Comscore Tracker

Banjir Dukungan, Jokowi Tetap Kalah di Banten. Karena Ahok Effect?

Jokowi dinilai antiIslam karena dekat dengan Ahok

Serang, IDN Times - Berdasarkan rekapitulasi suara KPU Provinsi Banten, pasangan Prabowo-Sandiaga unggul dengan total suara 4.059.514 atau 61,54 persen. Sementara itu, Jokowi-Ma'ruf Amin hanya mendapat raihan suara sebanyak 2.537.524 atau 38,46 persen.

Prabowo mengungguli rivalnya tersebut dengan selisih 1,5 juta lebih suara. Ini tentu tampak mengejutkan karena banyaknya dukungan dari tokoh-tokoh berpengaruh, bahkan pemimpin-pemimpin daerah di Banten ternyata tetap tidak bisa mendongkrak suara Jokowi-Ma'ruf.

Baca Juga: Situng KPU: Perolehan Suara Jokowi-Ma'ruf Masih Memimpin

1. Banjir dukungan, Jokowi tetap kalah

Banjir Dukungan, Jokowi Tetap Kalah di Banten. Karena Ahok Effect?IDNTimes/Abdurrahman

Berdasarkan pengamatan selama masa kampanye, Jokowi-Ma'ruf lebih banyak mendapat dukungan dari tokoh-tokoh di Banten dibandingkan Prabowo-Sandiaga. Terlebih, cawapres Ma'ruf Amin adalah putra daerah yang juga tokoh ulama di Banten.

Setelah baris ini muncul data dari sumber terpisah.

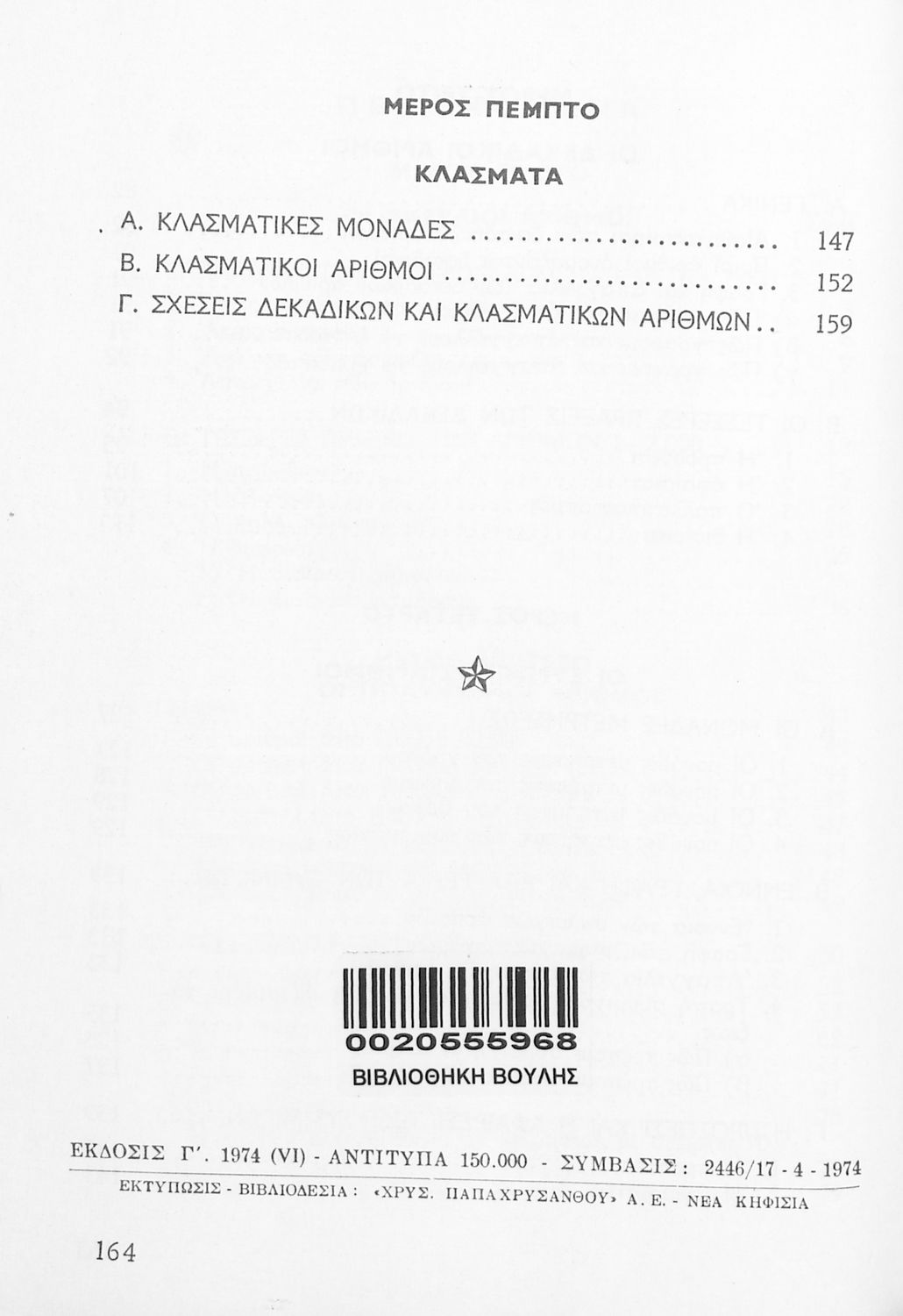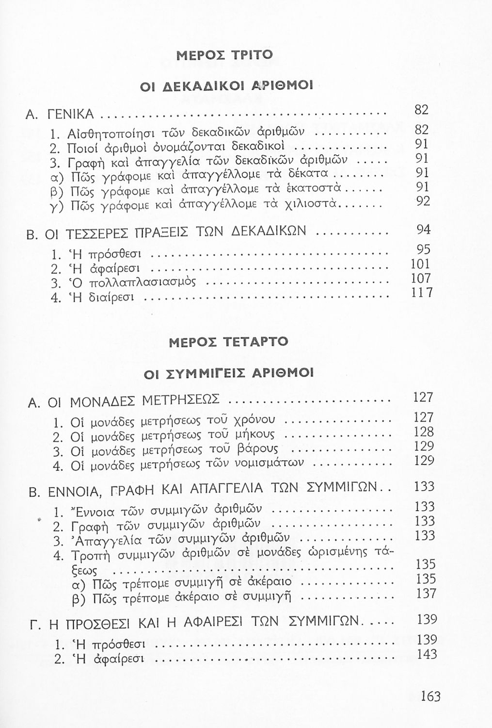 Σχολικό εγχειρίδιο Αριθμητικής Δ΄ Δημοτικού χωρισμένο σε πρακτικά προβλήματα και τις λύσεις τους που περιλαμβάνει και κάποια στοιχεία Γεωμετρίας.

Beberapa tokoh yang mendukung paslon 01 tersebut, di antaranya keluarga besar Ratu Atut Choisiyah, Gubernur Banten Wahidin Halim, dan Wakil Gubernur Banten Andika Hazrumy yang bahkan menjabat sebagai penasihat tim kemenangan Jokowi-Ma'ruf. Selain itu, ada juga Bupati Serang Tatu Chasanah, Wali Kota Tangsel Airin Rachmi Diany, serta beberapa ulama kharismatik dari Banten Selatan.

Organisasi keagamaan seperti Forum Komunikasi Dewan Kemakmuran Masjid (DKM) Provinsi Banten pun turut mendeklarasikan dukungan terhadap pasangan calon presiden dan calon wakil presiden nomor urut 01.

2. Kalah karena hoaks dan hate speech

Banjir Dukungan, Jokowi Tetap Kalah di Banten. Karena Ahok Effect?IDN Times/Teatrika Handiko Putri

Ketua Tim Kemenangan Daerah (TKD) Jokowi-Ma'ruf Provinsi Banten, Asep Rakhmatullah, menjelaskan faktor kekalahan Jokowi-Ma'ruf di Banten adalah gencarnya hoaks dan hate speech yang menyerang sosok Jokowi.

"Kami kalah karena banyak hoaks dan hate speech ke Jokowi. Fitnah semacam Jokowi PKI dan antiulama bertebaran di medsos dan pikiran masyarakat Banten," kata Asep kepada IDN Times, Selasa (14/5).

"Partai pengusung Koalisi Indonesia Kerja dan relawan sudah berkerja maksimal delapan bulan. Persoalan tidak capai target itu merupakan bagian dari proses demokrasi," kata Asep.

Meski begitu, Ketua DPD PDIP Banten ini merasa bersyukur karena paslon yang diusungnya unggul sementara secara nasional.

"Kami sudah bekerja maksimal, semua sudah kami upayakan ya hasilnya demikian, tapi kami bersyukur secara nasional Jokowi-Ma'ruf tetap unggul," kata Asep.

2. Lekatnya politik identitas 'Jokowi antiulama vs Prabowo proIslam'

Banjir Dukungan, Jokowi Tetap Kalah di Banten. Karena Ahok Effect?ANTARA FOTO/Hafidz Mubarak A

Miftahul Adib, pengamat politik dari Universitas Syech Yusuf (Unis) Tangerang, memandang kekalahan Jokowi di Banten sebagai dampak dari politik identitas yang diembuskan.

"Politik identitas begitu kuat di Banten, yakni sentimen soal Jokowi antiulama, isu antek asing dengan marak pekerja asing di Banten, antek PKI, isu itu diembuskan terus," kata Adib kepada IDN Times, Selasa (14/5).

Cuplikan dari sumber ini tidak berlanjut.